OK, let's rule out the SEO junk. One could claim that a number of independent tweets about an event seems to indicate that the event is true. But is it? If that's the case, then Patrick Swayze died last month. Here's what Gawker wrote on May 19:

Patrick Swayze is alive and well, his spokesman has confirmed. How did false reports of his passing consume the internet for several hours today? Through the false rumor's vehicle of choice: Twitter....

But there's something about Twitter. Just last week it was the hotbed of a gay-marriage hysteria that fooled even the Los Angeles Times. A month earlier, it was #amazonfail, outrage over a gay-book ban that wasn't. (Although, repetition on Twitter is so powerful that there are some who still think there was something to that.)

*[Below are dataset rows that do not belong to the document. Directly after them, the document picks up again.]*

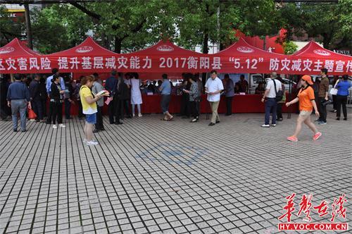 华声在线衡阳站5月16日讯(黄亚辉 通讯员 杨春阳)为进一步增强全县人民公共安全意识,普及公众防灾避险知识,切实提高人民群众应对突发事件的能力。5月12日上午,由衡阳县人民政府组织县国土、民政、安监、公安等部门在县夏明翰广场集中开展了全国第九个“5.12防灾减灾日”专题应急知识宣传活动。
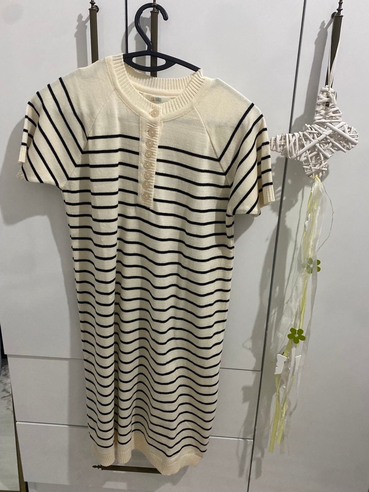 Kısa kollu, bisiklet yaka ve çizgili desene sahip, beyaz ve siyah renklerde triko, vücuda oturan midi elbise. Günlük kullanıma uygun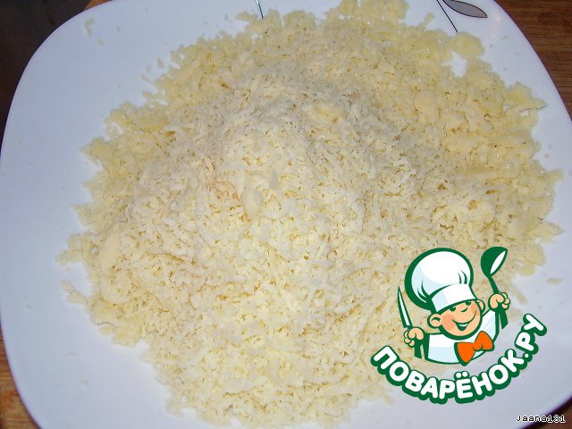 Поставить разогреваться духовку при температуре 210 градусов. Сыр натереть на мелкой терке.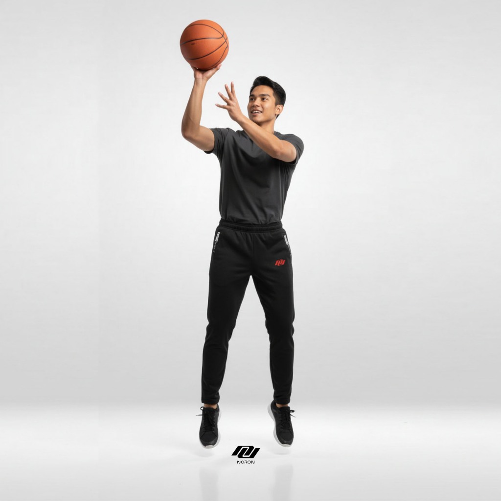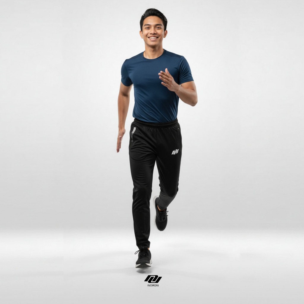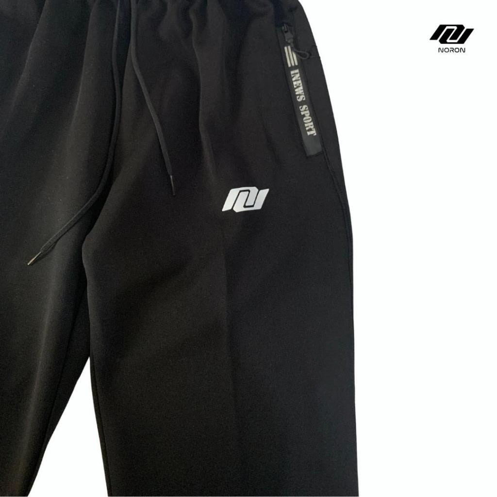 NORON - Celana Olahraga Training Sport Panjang Jogger Hitam Bisa untuk Pria & Wanita Running Gym Noron White Logo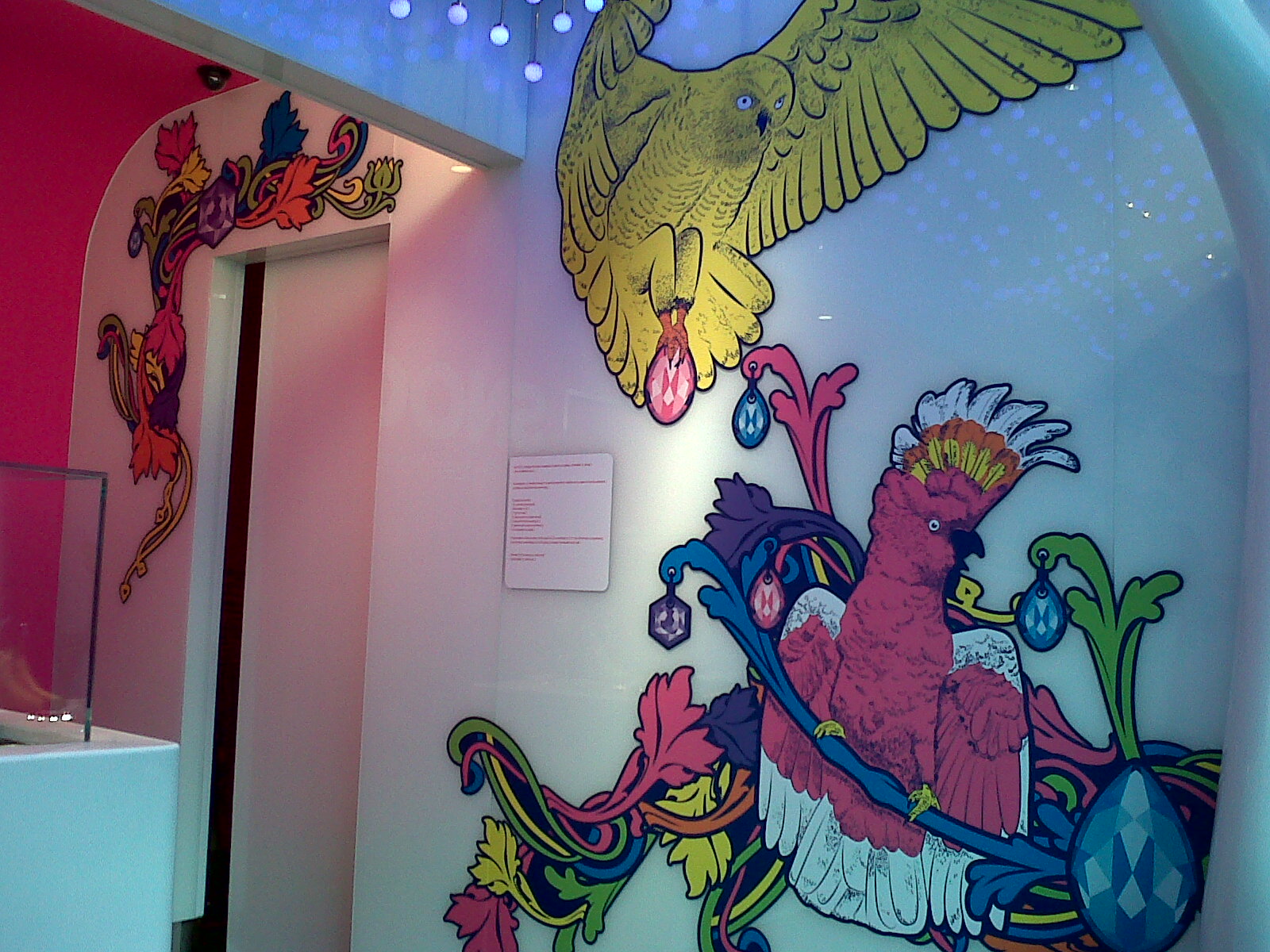 Now unbelievably (especially considering the afternoon tea we had eaten) we decided to stop in this frozen yogurt cafe and partake of their lovely guilt free yogurt – fat free and sugar free (they use agave syrup to sweeten the yogurt). As you can see from the pictures it is very brightly decorated and even has a galah on the wall.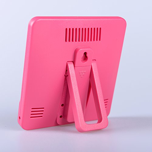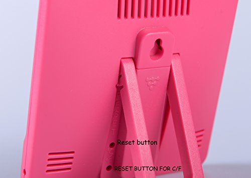 Displays in Celsius or Fahrenheit.Reset button is no the product back, behind the table standing support.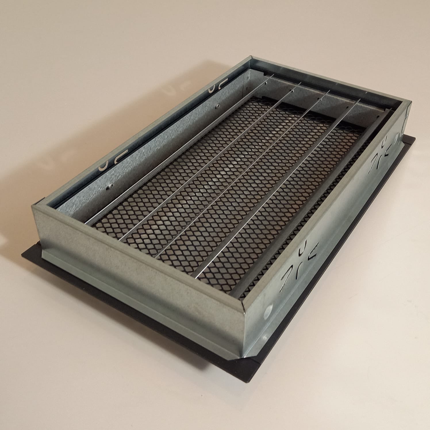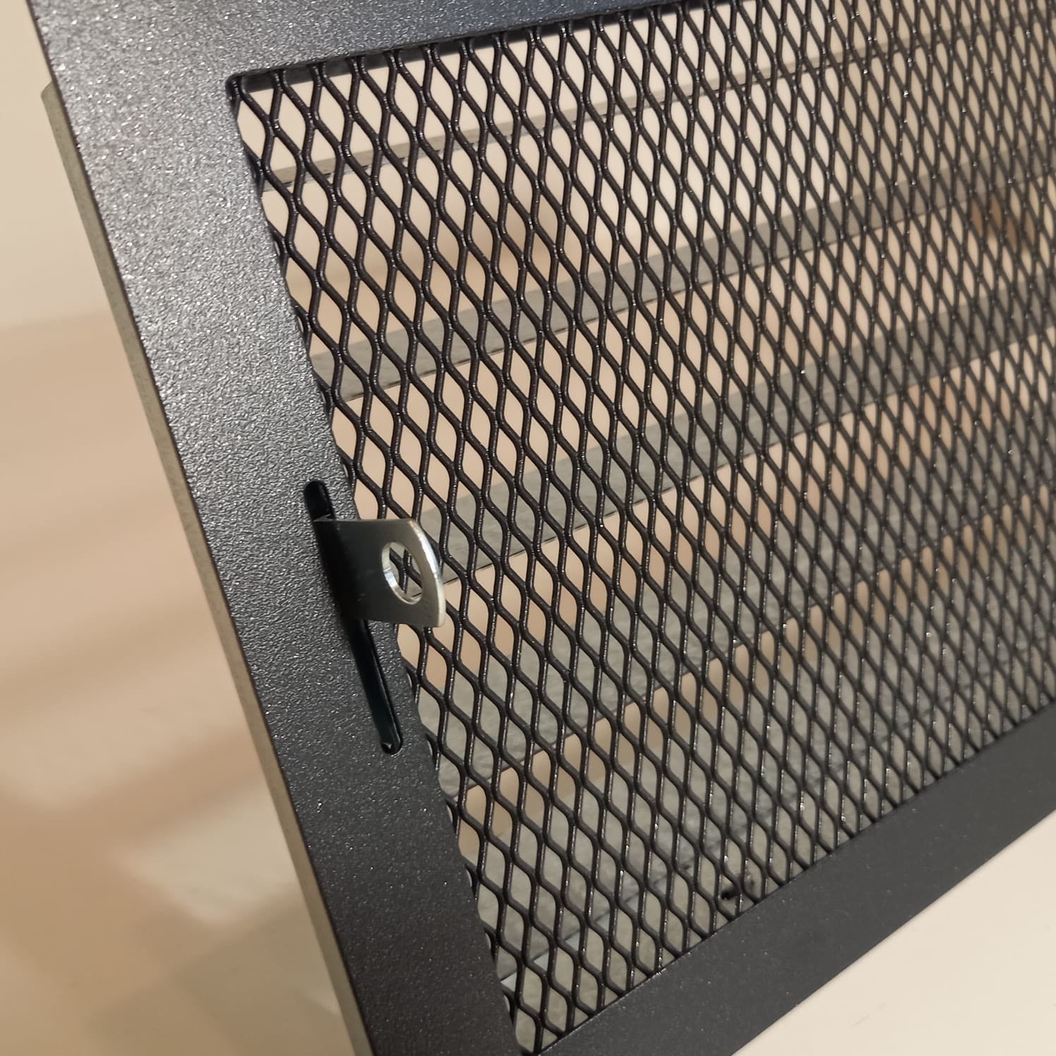 Juodos (antracitas) grotelės su žaliuzėmis židiniams 180 x 180 mm. Tiesios židinio grotelės su žaliuzėmis ir montavimo lizdu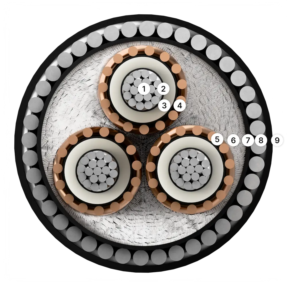 A high-performance power cable with stranded copper or aluminium conductor, XLPE insulation, copper wire screen, non-hygroscopic fillers, galvanised steel round wire armour and PVC outer sheath ensuring durability, safety, and reliable power transmission across demanding applications.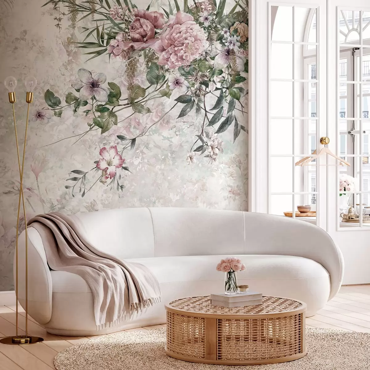Murais de parede Flores vintage na parede de mármore Nr. u97046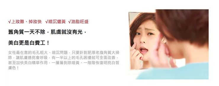 15秒換新角質,絲質肌再現,美白調理,深入緝拿黑色素!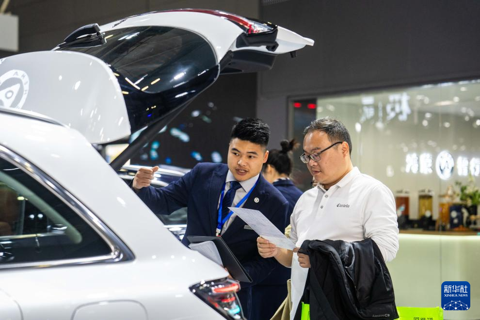 12月10日,在长沙国际会展中心,工作人员(左)在介绍参展车辆。新华社记者 陈思汗 摄pagebreak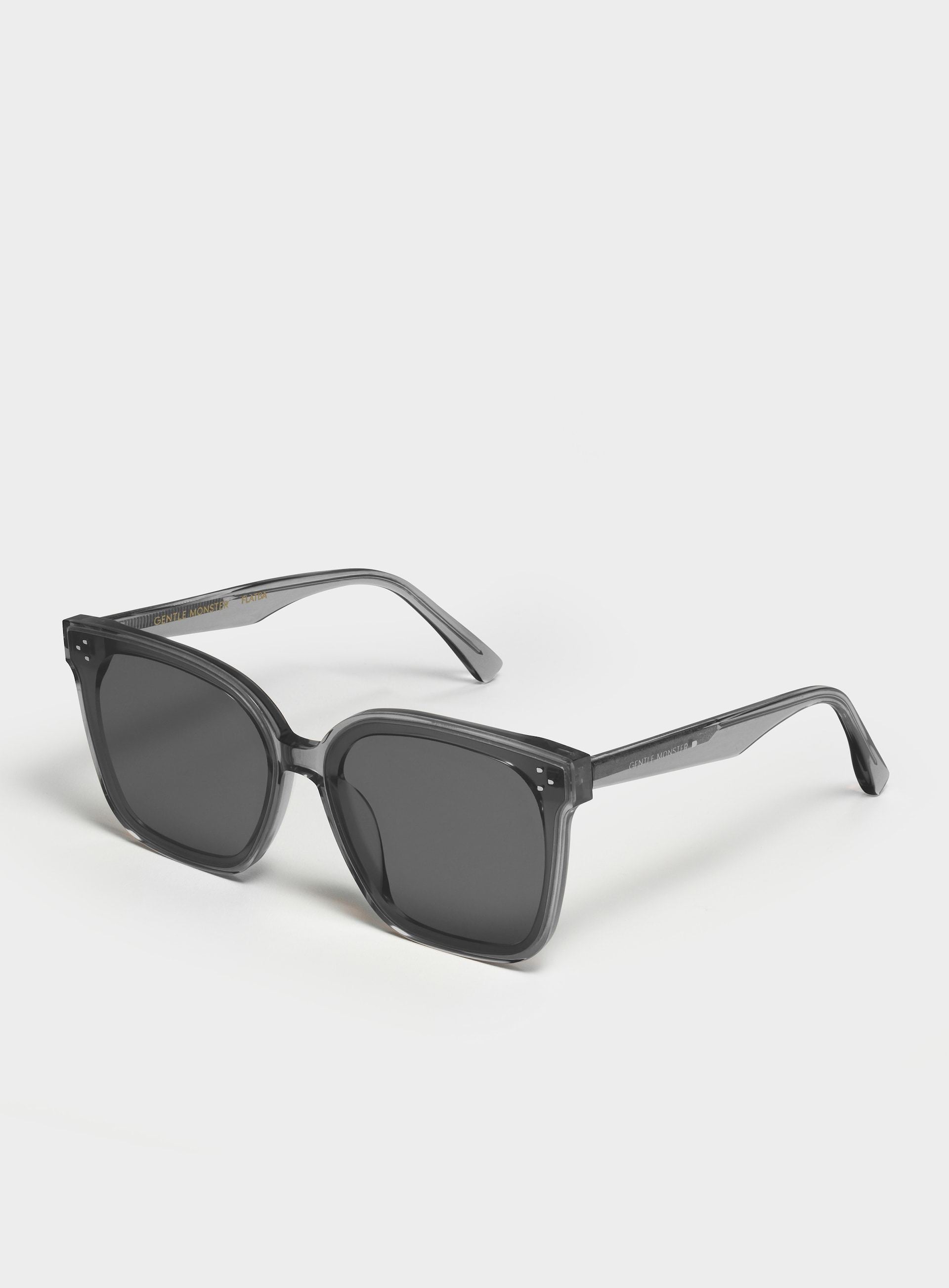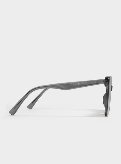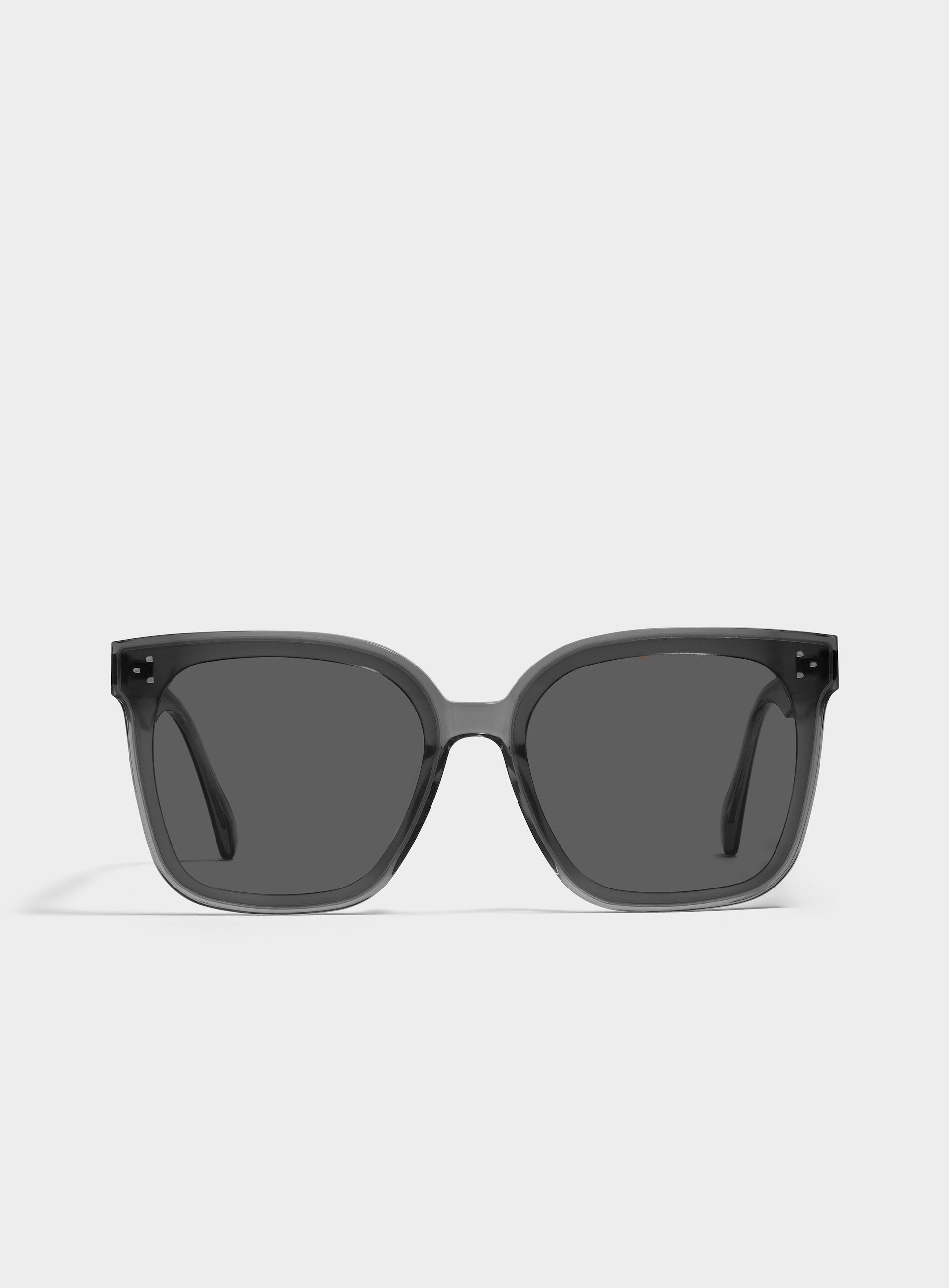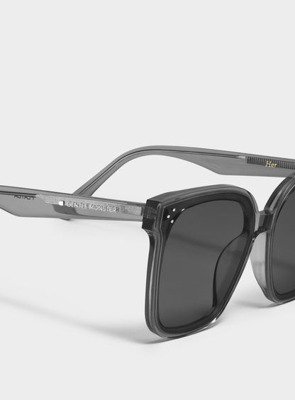 Introducing Her G1, an oversized square frame in the 2020 New Flatba Series with 100% UV protected nylon Zeiss lenses. This style is accentuated with three bullet shaped pins on the lenses and complemented with engraved Gentle Monster logos on the temples.

Now I don't know if CNN reported the death of Patrick Swayze, or that Amazon banned gay books, or whatever. But Twitter, the same tool (and again, it's just a tool) that reported the Iranian riots, also reported the death of Patrick Swayze.

In essence, anyone can get the story wrong. CNN can get the story wrong, or thousands of Twitter users can get the story wrong. As Fox Mulder used to say, "Trust no one."

OK, Fox Mulder didn't say that. According to this source and this source, Deep Throat said it. But I'm not sure if the sources are correct.